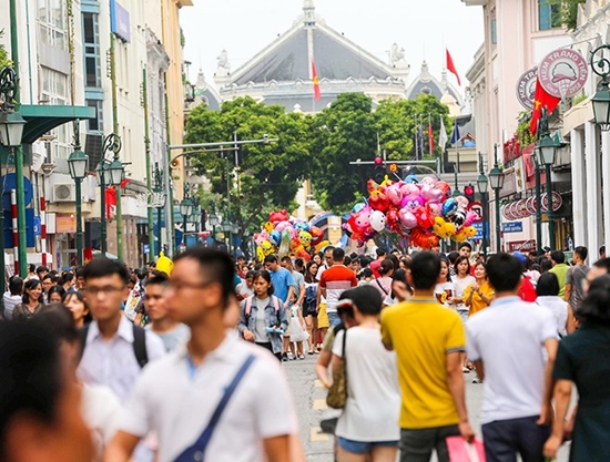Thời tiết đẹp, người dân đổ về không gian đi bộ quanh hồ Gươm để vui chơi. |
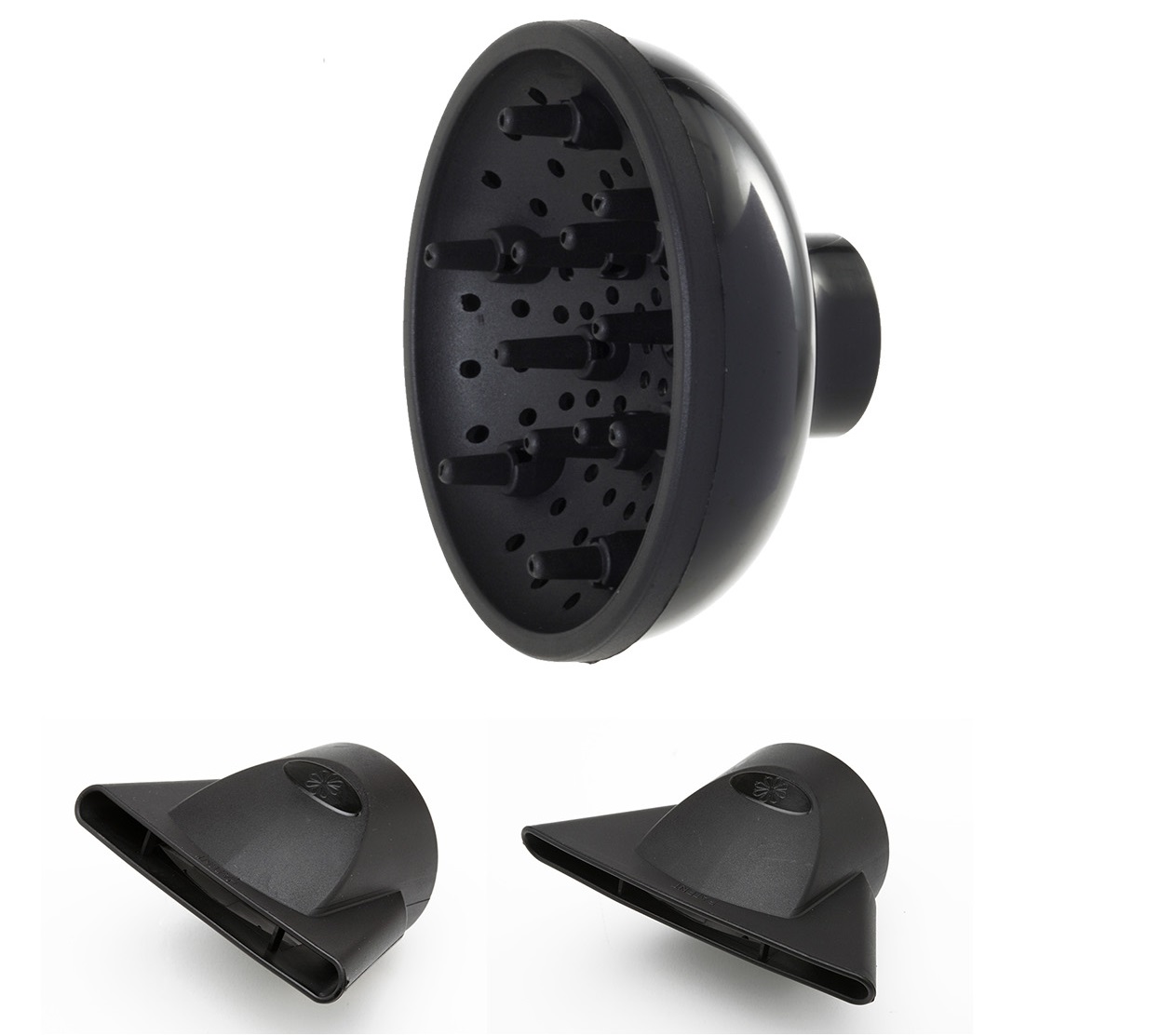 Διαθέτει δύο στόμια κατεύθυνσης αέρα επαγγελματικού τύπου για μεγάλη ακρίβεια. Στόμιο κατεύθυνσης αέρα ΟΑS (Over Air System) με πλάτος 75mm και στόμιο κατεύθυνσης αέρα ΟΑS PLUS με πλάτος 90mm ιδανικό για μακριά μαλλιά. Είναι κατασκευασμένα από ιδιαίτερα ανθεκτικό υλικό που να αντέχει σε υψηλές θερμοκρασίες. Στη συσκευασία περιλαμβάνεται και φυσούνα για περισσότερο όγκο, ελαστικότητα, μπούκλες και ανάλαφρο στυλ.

● ● ●

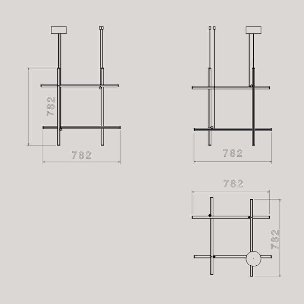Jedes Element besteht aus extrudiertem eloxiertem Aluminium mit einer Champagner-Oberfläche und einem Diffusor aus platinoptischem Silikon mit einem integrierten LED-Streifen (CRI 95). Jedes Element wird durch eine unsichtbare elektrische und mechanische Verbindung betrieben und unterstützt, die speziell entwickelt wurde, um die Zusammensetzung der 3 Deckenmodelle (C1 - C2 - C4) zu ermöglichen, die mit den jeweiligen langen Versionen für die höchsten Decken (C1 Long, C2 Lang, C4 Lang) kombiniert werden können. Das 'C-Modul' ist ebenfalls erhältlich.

● ● ●

## ABOUT THIS TASK
In the listing above, find the line with "Thời tiết đẹp, người" and the line with "Διαθέτει δύο στόμια". Set down exactly those lines and everything between them, skipping pictures.

## OUTPUT BELOW
Thời tiết đẹp, người dân đổ về không gian đi bộ quanh hồ Gươm để vui chơi. |
 Διαθέτει δύο στόμια κατεύθυνσης αέρα επαγγελματικού τύπου για μεγάλη ακρίβεια. Στόμιο κατεύθυνσης αέρα ΟΑS (Over Air System) με πλάτος 75mm και στόμιο κατεύθυνσης αέρα ΟΑS PLUS με πλάτος 90mm ιδανικό για μακριά μαλλιά. Είναι κατασκευασμένα από ιδιαίτερα ανθεκτικό υλικό που να αντέχει σε υψηλές θερμοκρασίες. Στη συσκευασία περιλαμβάνεται και φυσούνα για περισσότερο όγκο, ελαστικότητα, μπούκλες και ανάλαφρο στυλ.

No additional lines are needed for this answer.